DATASET RECORDS -
★ ★ ★ ★
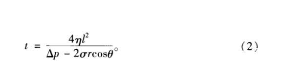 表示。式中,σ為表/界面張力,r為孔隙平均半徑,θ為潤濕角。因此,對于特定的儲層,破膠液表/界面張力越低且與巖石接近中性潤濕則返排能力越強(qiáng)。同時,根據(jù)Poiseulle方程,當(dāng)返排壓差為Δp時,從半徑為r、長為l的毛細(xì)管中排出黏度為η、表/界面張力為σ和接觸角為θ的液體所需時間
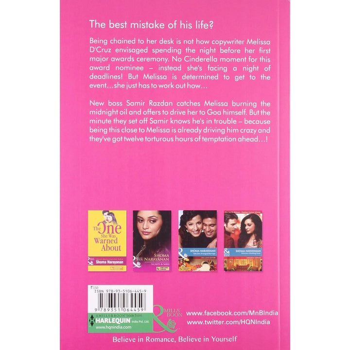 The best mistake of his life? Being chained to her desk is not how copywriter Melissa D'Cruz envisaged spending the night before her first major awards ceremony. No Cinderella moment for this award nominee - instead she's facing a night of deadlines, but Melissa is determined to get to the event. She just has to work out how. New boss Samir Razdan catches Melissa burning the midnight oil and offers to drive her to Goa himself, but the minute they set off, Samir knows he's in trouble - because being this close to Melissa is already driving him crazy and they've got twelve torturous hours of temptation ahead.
★ ★ ★ ★
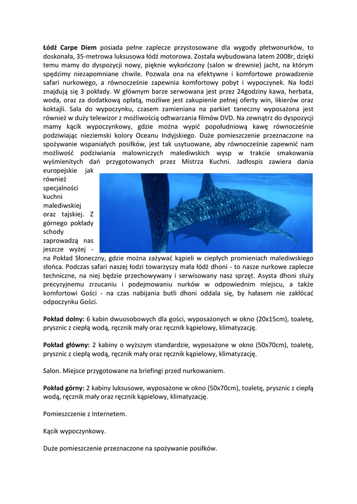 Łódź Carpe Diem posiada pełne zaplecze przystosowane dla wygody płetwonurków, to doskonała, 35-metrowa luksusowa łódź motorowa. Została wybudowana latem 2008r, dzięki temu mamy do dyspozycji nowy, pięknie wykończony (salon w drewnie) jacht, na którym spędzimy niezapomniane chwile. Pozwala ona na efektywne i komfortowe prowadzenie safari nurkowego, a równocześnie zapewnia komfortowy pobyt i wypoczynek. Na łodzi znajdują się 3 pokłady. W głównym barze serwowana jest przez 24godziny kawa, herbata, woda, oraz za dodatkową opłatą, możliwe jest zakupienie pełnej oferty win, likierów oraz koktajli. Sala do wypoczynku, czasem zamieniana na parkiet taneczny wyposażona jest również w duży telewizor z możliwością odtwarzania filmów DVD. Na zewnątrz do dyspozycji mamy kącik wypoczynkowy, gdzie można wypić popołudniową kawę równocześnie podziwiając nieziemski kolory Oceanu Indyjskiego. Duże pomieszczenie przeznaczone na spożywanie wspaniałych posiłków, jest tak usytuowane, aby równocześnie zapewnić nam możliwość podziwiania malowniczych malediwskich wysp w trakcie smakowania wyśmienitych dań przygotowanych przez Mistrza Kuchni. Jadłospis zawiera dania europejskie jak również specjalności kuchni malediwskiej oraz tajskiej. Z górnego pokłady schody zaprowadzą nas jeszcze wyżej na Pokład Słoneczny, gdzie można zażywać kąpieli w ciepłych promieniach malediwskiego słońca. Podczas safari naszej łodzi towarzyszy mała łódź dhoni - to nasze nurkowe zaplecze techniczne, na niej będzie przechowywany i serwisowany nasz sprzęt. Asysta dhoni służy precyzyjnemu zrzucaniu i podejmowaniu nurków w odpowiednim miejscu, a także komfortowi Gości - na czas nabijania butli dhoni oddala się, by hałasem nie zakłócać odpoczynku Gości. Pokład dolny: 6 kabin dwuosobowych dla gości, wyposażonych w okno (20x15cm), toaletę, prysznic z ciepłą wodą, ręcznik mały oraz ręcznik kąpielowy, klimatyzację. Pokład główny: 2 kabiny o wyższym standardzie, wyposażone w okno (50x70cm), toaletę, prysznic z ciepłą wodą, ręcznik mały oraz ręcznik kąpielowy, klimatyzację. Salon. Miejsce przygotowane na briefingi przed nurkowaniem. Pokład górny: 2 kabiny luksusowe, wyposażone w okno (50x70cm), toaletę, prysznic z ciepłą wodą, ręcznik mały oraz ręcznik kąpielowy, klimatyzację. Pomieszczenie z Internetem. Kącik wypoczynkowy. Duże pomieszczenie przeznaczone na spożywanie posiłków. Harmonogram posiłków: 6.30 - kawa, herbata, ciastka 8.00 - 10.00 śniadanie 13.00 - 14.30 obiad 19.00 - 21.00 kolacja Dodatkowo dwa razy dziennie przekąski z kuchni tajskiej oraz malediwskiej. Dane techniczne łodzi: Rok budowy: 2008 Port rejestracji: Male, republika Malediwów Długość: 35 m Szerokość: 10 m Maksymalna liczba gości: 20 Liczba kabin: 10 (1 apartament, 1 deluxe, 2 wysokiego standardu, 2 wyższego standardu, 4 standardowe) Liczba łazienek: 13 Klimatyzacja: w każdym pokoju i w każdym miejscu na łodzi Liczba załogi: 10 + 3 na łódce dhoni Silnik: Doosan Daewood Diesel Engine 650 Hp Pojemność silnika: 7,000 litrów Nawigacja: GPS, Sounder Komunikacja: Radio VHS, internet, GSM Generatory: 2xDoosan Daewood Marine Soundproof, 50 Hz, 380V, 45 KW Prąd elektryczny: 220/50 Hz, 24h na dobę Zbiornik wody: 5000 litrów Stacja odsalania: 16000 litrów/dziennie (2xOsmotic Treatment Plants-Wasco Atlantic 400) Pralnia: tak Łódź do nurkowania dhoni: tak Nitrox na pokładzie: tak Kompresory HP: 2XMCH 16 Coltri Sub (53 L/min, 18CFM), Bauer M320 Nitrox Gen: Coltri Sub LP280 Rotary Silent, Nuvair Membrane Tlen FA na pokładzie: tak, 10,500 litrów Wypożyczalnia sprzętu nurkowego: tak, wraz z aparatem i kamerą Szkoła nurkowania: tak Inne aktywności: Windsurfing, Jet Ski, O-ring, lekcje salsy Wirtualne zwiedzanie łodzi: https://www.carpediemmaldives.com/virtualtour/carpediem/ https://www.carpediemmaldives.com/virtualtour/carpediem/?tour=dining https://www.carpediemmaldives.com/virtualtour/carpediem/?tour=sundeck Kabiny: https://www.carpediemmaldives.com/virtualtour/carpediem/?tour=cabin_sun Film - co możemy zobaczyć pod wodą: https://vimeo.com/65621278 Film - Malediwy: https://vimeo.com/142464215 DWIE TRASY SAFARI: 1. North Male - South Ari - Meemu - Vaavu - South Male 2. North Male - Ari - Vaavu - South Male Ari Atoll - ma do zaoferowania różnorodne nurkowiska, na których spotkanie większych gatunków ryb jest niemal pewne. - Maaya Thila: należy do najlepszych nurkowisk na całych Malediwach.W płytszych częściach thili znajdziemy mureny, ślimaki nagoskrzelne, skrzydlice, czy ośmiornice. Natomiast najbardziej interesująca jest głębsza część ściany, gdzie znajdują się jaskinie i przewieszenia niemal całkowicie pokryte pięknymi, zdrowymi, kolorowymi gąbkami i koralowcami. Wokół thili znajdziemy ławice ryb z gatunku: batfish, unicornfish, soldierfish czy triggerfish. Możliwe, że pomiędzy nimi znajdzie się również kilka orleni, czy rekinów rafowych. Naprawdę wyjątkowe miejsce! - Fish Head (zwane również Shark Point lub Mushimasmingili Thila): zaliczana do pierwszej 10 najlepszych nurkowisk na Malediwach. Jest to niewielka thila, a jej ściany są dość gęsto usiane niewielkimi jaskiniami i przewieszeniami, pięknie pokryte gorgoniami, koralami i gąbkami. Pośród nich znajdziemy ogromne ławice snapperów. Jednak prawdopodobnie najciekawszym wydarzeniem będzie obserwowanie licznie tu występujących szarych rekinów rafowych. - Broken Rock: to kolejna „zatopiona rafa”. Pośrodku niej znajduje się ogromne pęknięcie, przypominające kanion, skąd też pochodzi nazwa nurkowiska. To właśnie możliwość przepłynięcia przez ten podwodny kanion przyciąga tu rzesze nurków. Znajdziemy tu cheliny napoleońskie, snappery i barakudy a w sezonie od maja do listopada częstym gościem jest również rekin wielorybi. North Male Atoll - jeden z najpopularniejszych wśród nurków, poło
★ ★ ★ ★
WORK REQUEST - What you write out is the stretch of entries from the line containing "表示。式中,σ為表/界面張力" to the line containing "The best mistake", word for word, with both end lines and no pictures.

FINISHED EXERCISE -
 表示。式中,σ為表/界面張力,r為孔隙平均半徑,θ為潤濕角。因此,對于特定的儲層,破膠液表/界面張力越低且與巖石接近中性潤濕則返排能力越強(qiáng)。同時,根據(jù)Poiseulle方程,當(dāng)返排壓差為Δp時,從半徑為r、長為l的毛細(xì)管中排出黏度為η、表/界面張力為σ和接觸角為θ的液體所需時間
 The best mistake of his life? Being chained to her desk is not how copywriter Melissa D'Cruz envisaged spending the night before her first major awards ceremony. No Cinderella moment for this award nominee - instead she's facing a night of deadlines, but Melissa is determined to get to the event. She just has to work out how. New boss Samir Razdan catches Melissa burning the midnight oil and offers to drive her to Goa himself, but the minute they set off, Samir knows he's in trouble - because being this close to Melissa is already driving him crazy and they've got twelve torturous hours of temptation ahead.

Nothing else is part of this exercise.